[Records provided Boundary: Start]

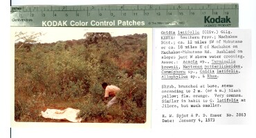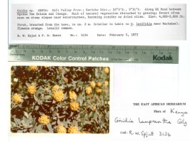 709. EAP923/1/1/1/706 Reference (shelfmark): EAP923/1/1/1/706 Title: Gnidia latifolia; in SW of Machakos, Kenya Scope & Content: Genus: Gnidia, Taxonomic classification: Thymelaeaceae. Author(s)/Creator(s): R.W.Spjut & P.D. Ensor. Scribe(s): Jane Chilande. Collection Area: Endangered Archives Programme Languages: Not applicable Date Range: Apr 1973 Extent: 1 tiff image, 44.3 MB
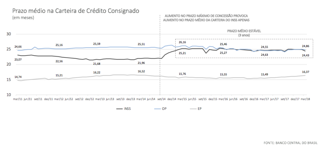 5.) Os aumentos nos prazos máximos de contratação, tanto para os beneficiários do INSS quanto para os servidores federais, estaduais e municipais já ocorreram no final de 2014 e início de 2015 para os principais convênios. Logo, a probabilidade de novas alterações do teto do prazo máximo é muito reduzida. O ganhos recorrente do aumento do teto máximo, no INSS, já foi capturado e, nos Órgãos Públicos ainda tem espaço (teto dos principais convênios é de até 96 meses) – ver gráfico 3. No INSS, o prazo médio da carteira foi pouco impactado com os aumentos do prazo (aumento do prazo de 23 para 25 parcelas pagas) e não surtiu nenhum efeito nos convênios de órgãos públicos (federal, estadual e municipal), mantendo-se constante em 25 parcelas pagas (vide gráfico 4).
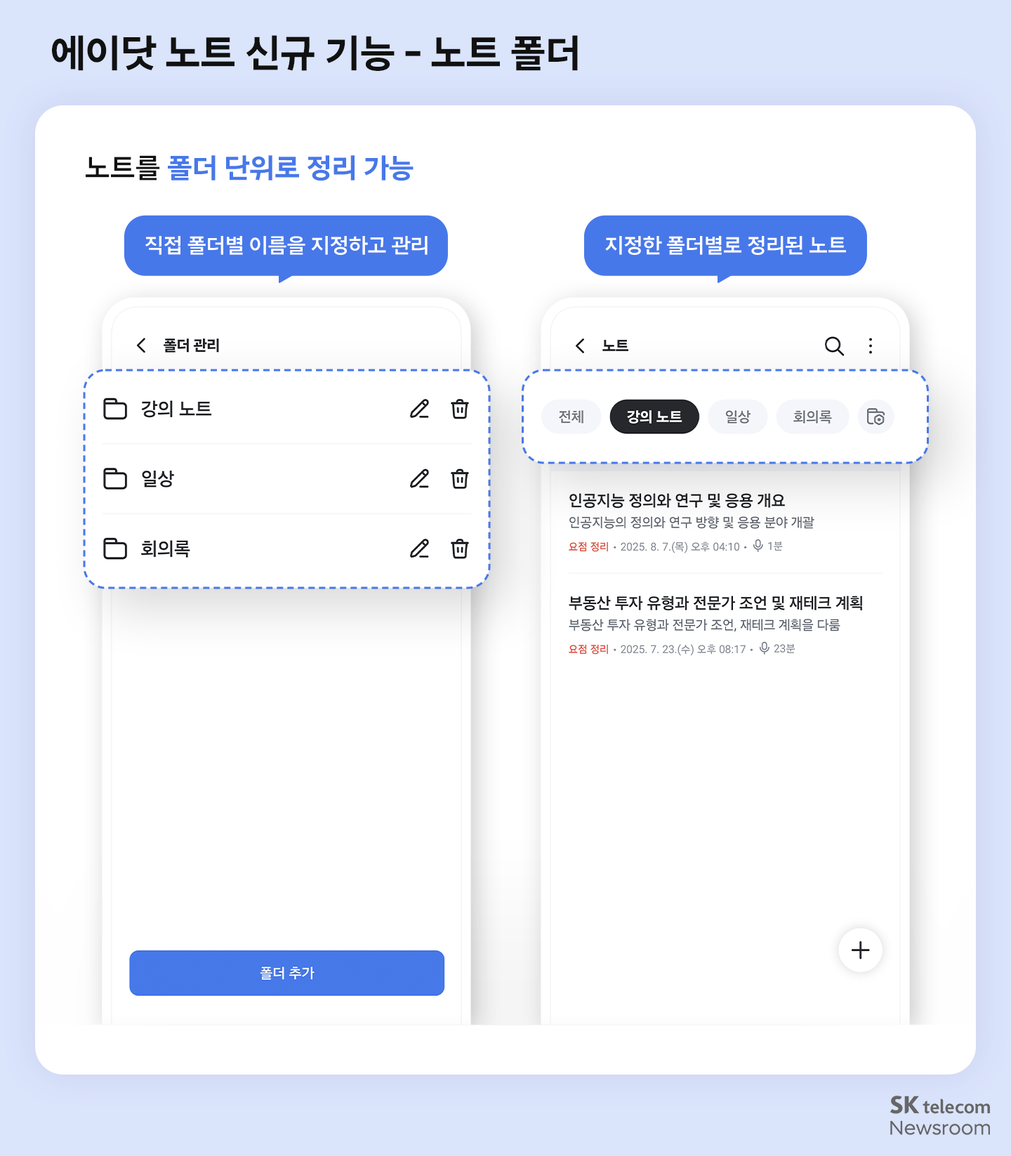 에이닷 노트에 폴더 기능이 새롭게 추가됐다. 기존에는 노트가 최신순으로 생성되기만 하였는데, 이제는 폴더별로 정리가 가능하다. 노트를 폴더 단위로 나만의 기준으로 정돈할 수 있다. 예를 들어, 회의록, 일상, 강의 노트 등 유형별로 구분하거나, 특정 프로젝트 관련 노트만 한 폴더에 정리하거나, 개인과 업무 기록을 분리해 보관하는 식으로 다양하게 가능하다. 폴더명 역시 자유롭게 설정할 수 있다. 단순 저장을 넘어, 필요한 노트를 빠르게 찾아보고 흐름 있게 관리할 수 있어 활용도가 높다.
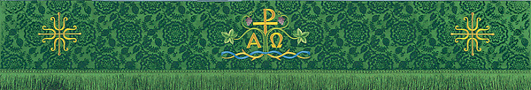The Castle Craft Series 361/947 superfrontal is all embroidered (no applique) featuring a green fringe at the bottom and a pole pocket for fastening the piece to furniture. Fabric at top of table is made of off-white linen. Made in the USA.
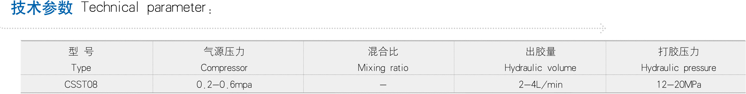 Glue gun mixing, glue gun light and convenient operation,Convenient maintenance of equipmentimports of seal , the seal can ensure the goodcondition ,to extend the service life, The use of safe and reliable,the pressue excds the scope of use utomatic unloading, after sale service andtimely , to ensure that users .
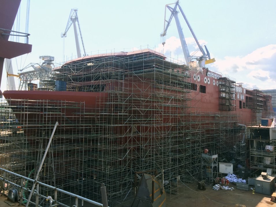 Hele 70 prosent av leverandørene er en del av den maritime klyngen i Norge. Stålskroget nærmer seg ferdigstillelse og i slutten av oktober blir skipet tauet fra Polen til Ulsteinvik.
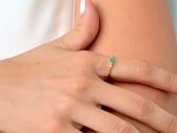 Cette bague raffinée présente une pierre centrale en émeraude naturelle de 0,17 ct, avec une taille marquise mesurant 5x2 mm. L'éclat de l'émeraude est accentué par deux diamants naturels totalisant 0,014 ct, chacun avec une taille ronde de 1,30 mm et une clarté SI, ajoutant une touche subtile d'élégance.

[Records provided Boundary: End]

Leaving each picture behind, please give again exactly the lines above from the one with "에이닷 노트에 폴더 기능이" through the one with "The Castle Craft", both included, and no others.

 에이닷 노트에 폴더 기능이 새롭게 추가됐다. 기존에는 노트가 최신순으로 생성되기만 하였는데, 이제는 폴더별로 정리가 가능하다. 노트를 폴더 단위로 나만의 기준으로 정돈할 수 있다. 예를 들어, 회의록, 일상, 강의 노트 등 유형별로 구분하거나, 특정 프로젝트 관련 노트만 한 폴더에 정리하거나, 개인과 업무 기록을 분리해 보관하는 식으로 다양하게 가능하다. 폴더명 역시 자유롭게 설정할 수 있다. 단순 저장을 넘어, 필요한 노트를 빠르게 찾아보고 흐름 있게 관리할 수 있어 활용도가 높다.
The Castle Craft Series 361/947 superfrontal is all embroidered (no applique) featuring a green fringe at the bottom and a pole pocket for fastening the piece to furniture. Fabric at top of table is made of off-white linen. Made in the USA.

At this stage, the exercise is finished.